◆ **Supplied material**
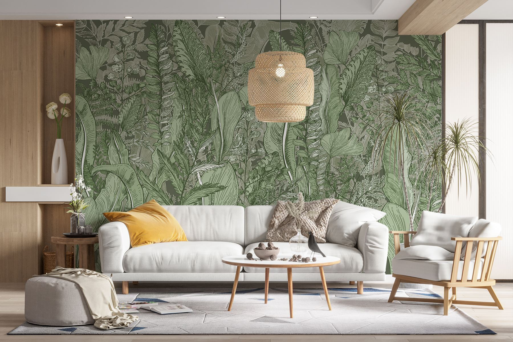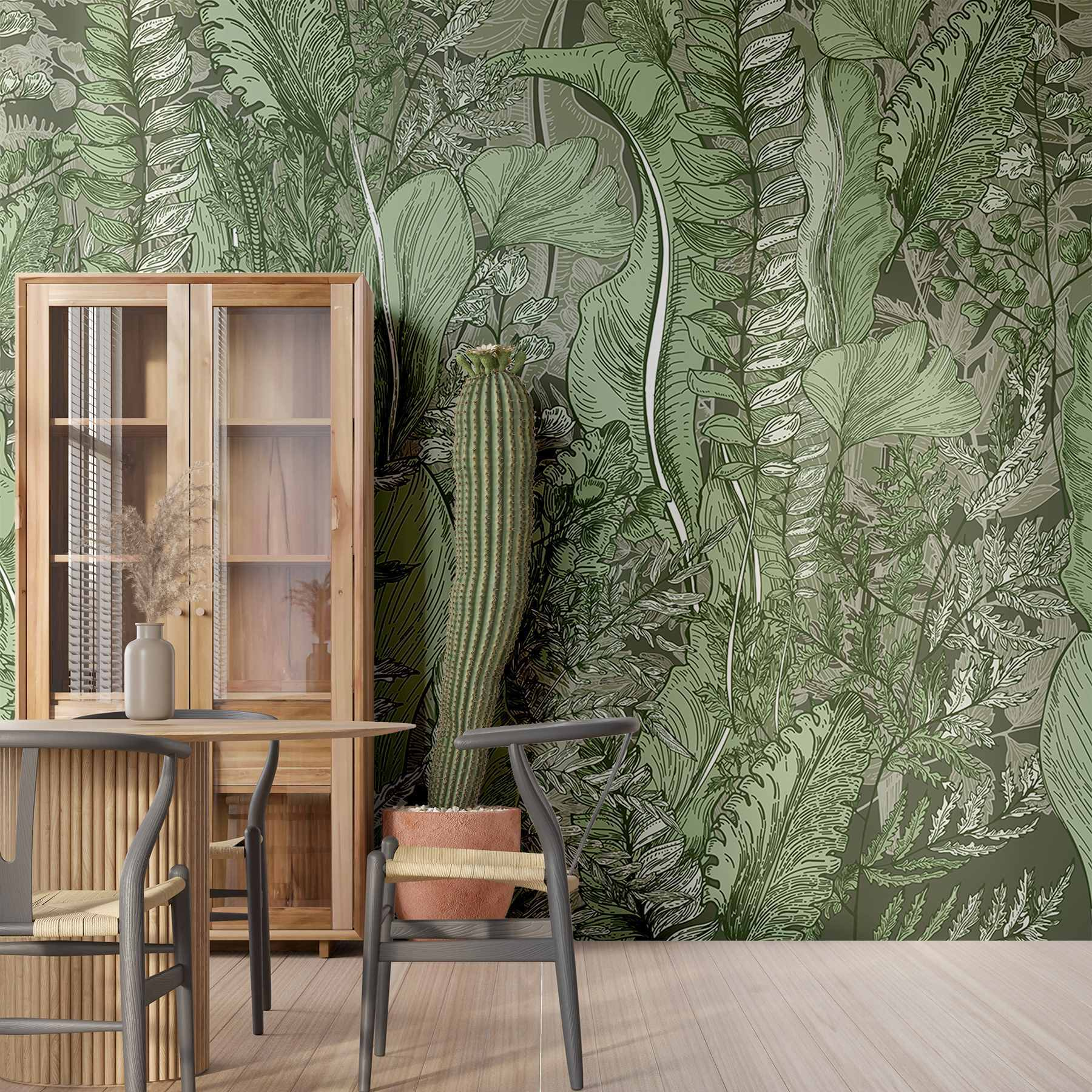 Premeňte akýkoľvek priestor na pokojnú oázu pomocou nástennej maľby “Bujná zeleň”. Je to ako prechádzka živým lesom bez toho, aby ste museli opustiť svoju izbu! Toto umelecké dielo, ktoré hýri zložitými listami a jemnými papradiami, pozýva do interiéru dotyk prírody. Predstavte si, že sa uvelebíte s dobrou knihou, obklopení touto upokojujúcou zeleňou – ideálnou na snívanie alebo oddych po dlhom dni. Navyše je to elegantné riešenie pre tých, ktorí by mohli mať problém s udržiavaním izbových rastlín pri živote (bez odsudzovania!). Nechajte upokojujúce tóny vdýchnuť život vašim stenám a bez námahy pozdvihnite svoju dekoratívnu hru.
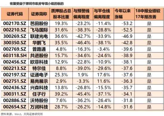 天風(fēng)證券分析師劉晨明的研究結(jié)果顯示,截止10月14日,深圳地區(qū)股票池**有75個涉及股票質(zhì)押且當(dāng)前股價低于預(yù)警線。從今年以來跌幅超過30%和企業(yè)業(yè)績處于上行區(qū)間(2018年中報凈利潤較2017年報改善)兩個標(biāo)準(zhǔn)來看,共有14家潛在政府專項投資標(biāo)的股票。
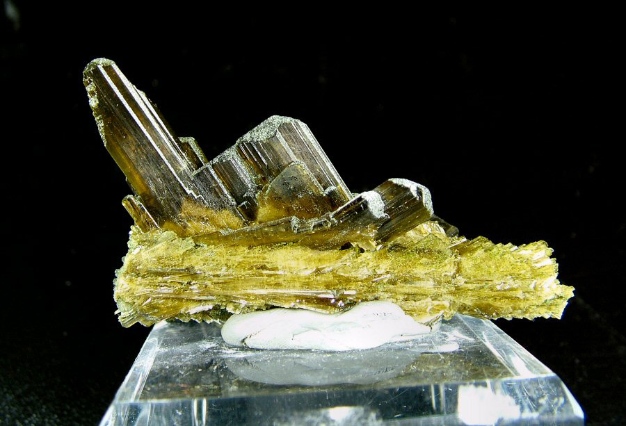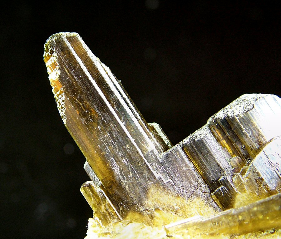 This nice sample shows sharp, glossy, gemmy, olive green crystals, with well defined faces and numerous twinnings. It shows also a slight pleochroism. In very good conditions.
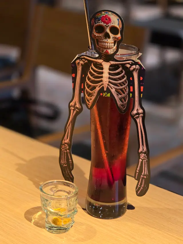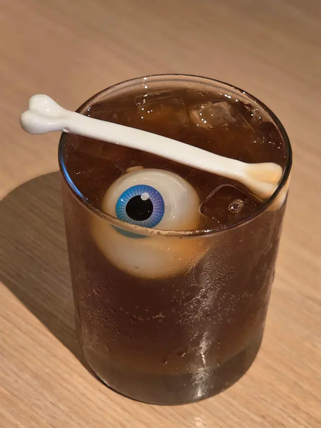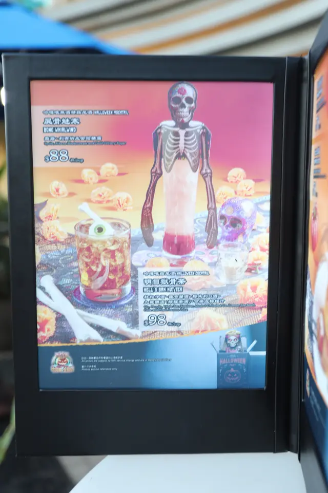 名字驚嚇的「哈囉喂雞尾酒」名叫「明目獄骨茶」($98),成份甚多,有杜松子酒、龍舌蘭酒、橙味利口酒、特別的檸檬茶酒、可樂和檸檬汁,杯中大大隻的眼球裝飾和白骨造型的攪拌棒,相當吸睛。另一款名字同樣嚇人的「哈鑼喂無酒精雞尾酒」名字則是「屍骨魅寒」($88),成份雖然比較簡單,只有雪碧、利賓納和金箔糖霜,但喝前只要把金箔糖霜倒進高身濶口,以骷髏骨頭裝飾的玻璃杯內攪勻,本來紫紅色的雞尾酒便會呈現金光閃爍的效果,煞是特別。至於為小朋友而設的特飲,甚有立體感的銀色矮身杯子上戴上了一頂紅色的牛仔帽子,造型有趣。

◆ **Task directions**
Please set down the whole listing above exactly and skip every picture.

◆ **Written solution**
 Premeňte akýkoľvek priestor na pokojnú oázu pomocou nástennej maľby “Bujná zeleň”. Je to ako prechádzka živým lesom bez toho, aby ste museli opustiť svoju izbu! Toto umelecké dielo, ktoré hýri zložitými listami a jemnými papradiami, pozýva do interiéru dotyk prírody. Predstavte si, že sa uvelebíte s dobrou knihou, obklopení touto upokojujúcou zeleňou – ideálnou na snívanie alebo oddych po dlhom dni. Navyše je to elegantné riešenie pre tých, ktorí by mohli mať problém s udržiavaním izbových rastlín pri živote (bez odsudzovania!). Nechajte upokojujúce tóny vdýchnuť život vašim stenám a bez námahy pozdvihnite svoju dekoratívnu hru.
 天風(fēng)證券分析師劉晨明的研究結(jié)果顯示,截止10月14日,深圳地區(qū)股票池**有75個涉及股票質(zhì)押且當(dāng)前股價低于預(yù)警線。從今年以來跌幅超過30%和企業(yè)業(yè)績處于上行區(qū)間(2018年中報凈利潤較2017年報改善)兩個標(biāo)準(zhǔn)來看,共有14家潛在政府專項投資標(biāo)的股票。
 This nice sample shows sharp, glossy, gemmy, olive green crystals, with well defined faces and numerous twinnings. It shows also a slight pleochroism. In very good conditions.
 名字驚嚇的「哈囉喂雞尾酒」名叫「明目獄骨茶」($98),成份甚多,有杜松子酒、龍舌蘭酒、橙味利口酒、特別的檸檬茶酒、可樂和檸檬汁,杯中大大隻的眼球裝飾和白骨造型的攪拌棒,相當吸睛。另一款名字同樣嚇人的「哈鑼喂無酒精雞尾酒」名字則是「屍骨魅寒」($88),成份雖然比較簡單,只有雪碧、利賓納和金箔糖霜,但喝前只要把金箔糖霜倒進高身濶口,以骷髏骨頭裝飾的玻璃杯內攪勻,本來紫紅色的雞尾酒便會呈現金光閃爍的效果,煞是特別。至於為小朋友而設的特飲,甚有立體感的銀色矮身杯子上戴上了一頂紅色的牛仔帽子,造型有趣。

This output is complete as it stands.